By almost every metric, the year 2025 has represented one of the most perilous and challenging periods in modern times for press freedom and those who work in journalism.
A Global Crisis: Record Killings and Widespread Impunity
The starkest statistic comes from the Committee to Protect Journalists (CPJ). By early December, the number of media workers killed worldwide in 2025 had already reached 126, matching the total for the entirety of the record-setting previous year. The conflict in Gaza was a major factor, with 85 of those deaths occurring there, 82 of whom were Palestinian journalists.
Jodie Ginsberg, CEO of the CPJ, highlighted the corrosive effect of impunity. "What we know from decades of doing this work is that impunity breeds impunity," she stated. "A failure to tackle journalists' killings creates an environment where those killings continue." The committee also estimates at least 323 journalists are currently imprisoned around the world.
The American Front: Assaults, Intimidation and Government Action
While no US journalists were killed abroad, the domestic environment grew markedly more hostile. The U.S. Press Freedom Tracker recorded 170 assaults on reporters within the United States, a figure nearly equalling the combined total of the previous three years. Notably, 160 of these assaults were perpetrated by law enforcement officers, often during coverage of immigration operations.
The antagonistic rhetoric and policies of President Donald Trump have significantly shaped this climate. Tim Richardson, a former Washington Post reporter now with PEN America, observed, "Trump has always attacked the press. But during the second term, he's turned that into government action to restrict and punish and intimidate journalists."
This has manifested in several concrete ways:
- Legal actions against major outlets like The Associated Press, ABC, CBS News, The New York Times, and The Wall Street Journal.
- The successful defunding of public broadcasting (PBS and NPR) by Trump and congressional allies.
- The evisceration of global news services like Radio Free Europe and Voice of America.
- The creation of a government portal for complaining about "unfair" journalists.
Defence Secretary Pete Hegseth's restrictive new rules for Pentagon coverage, justified by portraying journalists as security threats, prompted a major fightback.
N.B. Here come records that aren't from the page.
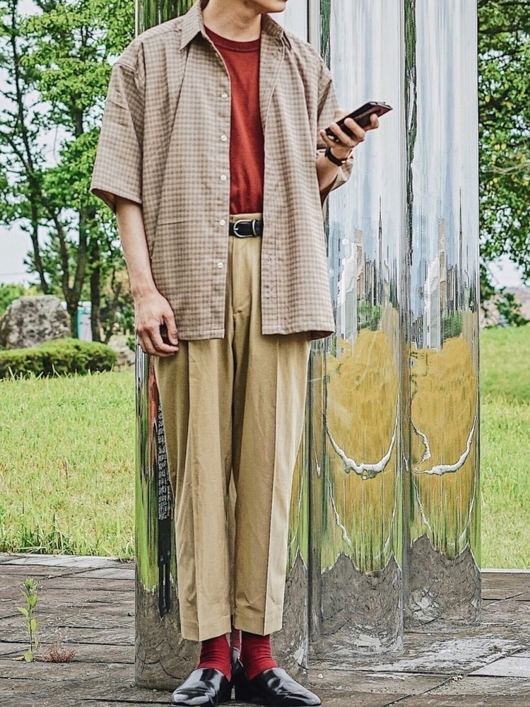 ベージュとブラウントーンで落ち着いた印象にまとめたメンズコーデです。半袖のオーバーサイズシャツはアウターとしてTシャツと重ね着し、足元にはスポックシューズを合わせればシンプルなアイテムを組み合わせたコーデも地味にならず、大人っぽいスマートな印象に仕上がります。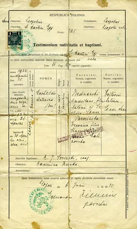 This is my fake birth certificate I received from Staszek. The name on it is Matylda Bednarska.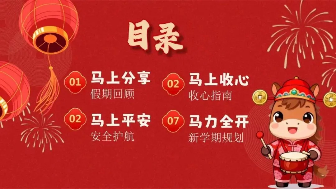嗨,我是君君妈妈!今日分享2026年春《开学第一课“马力全开”课件》电子版可编辑,完整版共39页,有发言稿。新学期将至,这份开学第一课,包括假期趣事、收心指南、安全护航和新学期规划,助力孩子们以昂扬姿态开启新学期征程!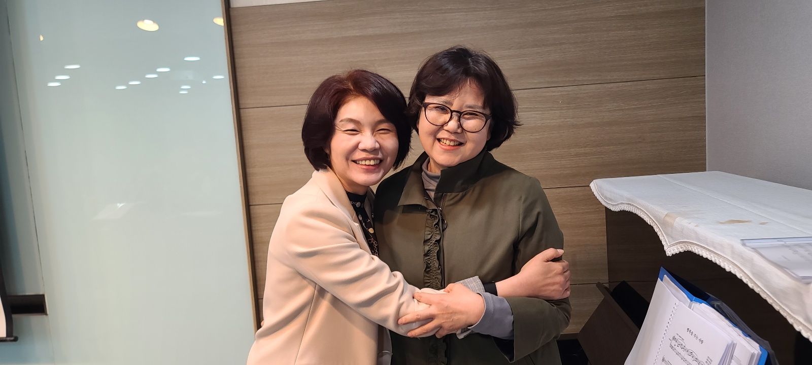 김광숙 여사님의 피아노 반주에 맞춰 노래 한 소절을 불러보았습니다. ♪~♬~♩
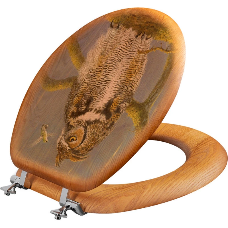 Our oak veneer toilet seats give decorators a way to address an often-overlooked fixture! Available in both round and elongated shapes, this trendsetting line complements our rustic wall art with corresponding themes and imagery. Our finish coating creates a humidity- and mold-resistant surface, meets all industry standards, and passes two important industry tests. Seats come preassembled with chrome hinges, affixed with stainless steel screws. Bumpers are made of high-end neoprene material. Every seat ships with installation hardware.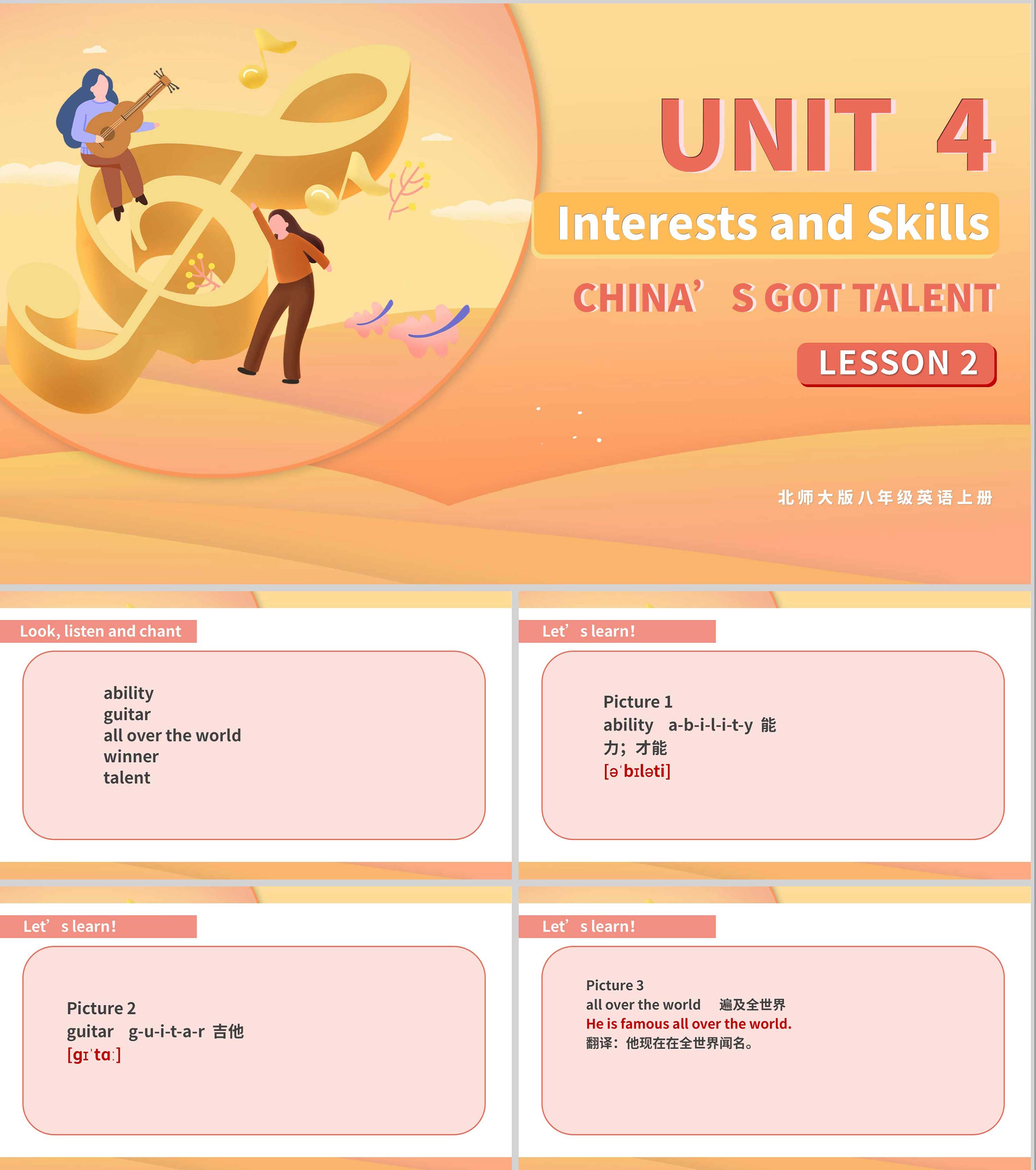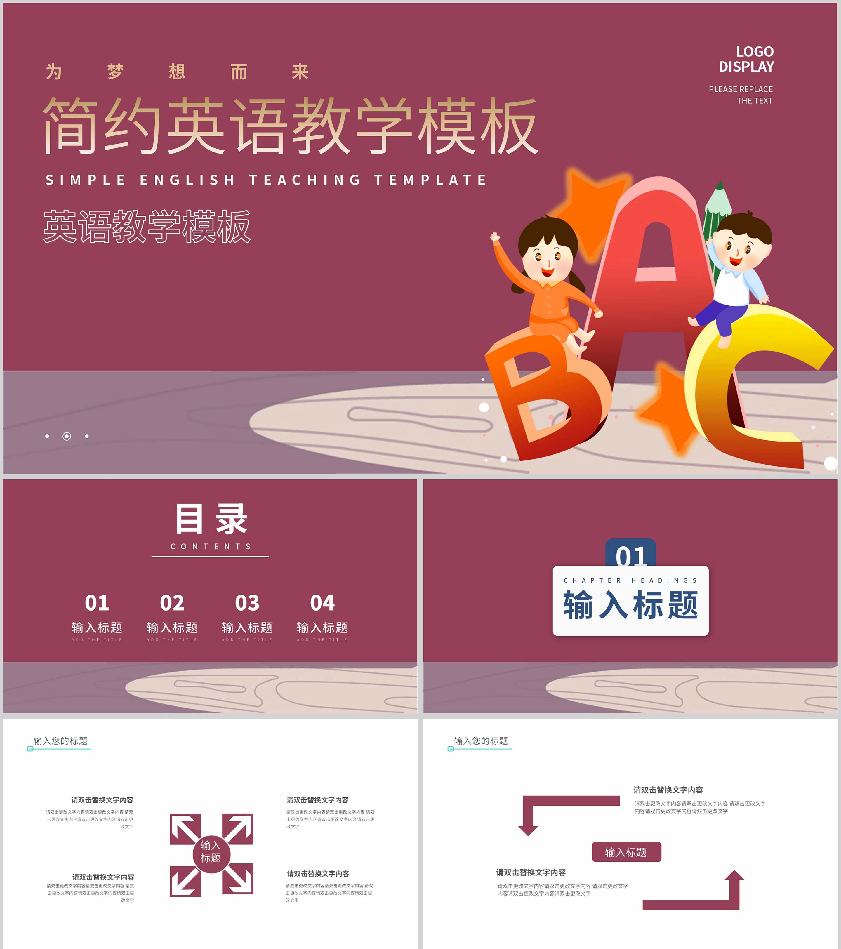 红色简约风英语教学PPT模板

Most mainstream news organisations relinquished their Pentagon credentials rather than comply, choosing to report from outside while The New York Times launched a legal challenge.
A Barren Landscape with Shoots of Hope
The structural decline of the news industry continues unabated, driven by the advertising collapse. A report by Muck Rack and Rebuild Local News found a devastating drop from 40 journalists per 100,000 people in the US in 2002 to just over 8 in 2025. Public sympathy remains low, with only 36% of Americans reportedly aware of the Trump administration's strained press relations, down from 72% during his first term.
Yet, sources of resilience and optimism persist. Both Ginsberg and Richardson point to the rise of new, independent local news organisations such as the Baltimore Banner, Charlottesville Tomorrow in Virginia, and Outlier Media in Michigan. Furthermore, as Axios CEO Jim VandeHei noted, mainstream reporters continue to work diligently and set the national agenda.
"Over time, people will hopefully come to their senses," VandeHei told the AP, "and say, 'Hey, the media like anything else is imperfect but, man, it's a nice thing to have a free press.'"
David Bauder covers media and entertainment for The Associated Press.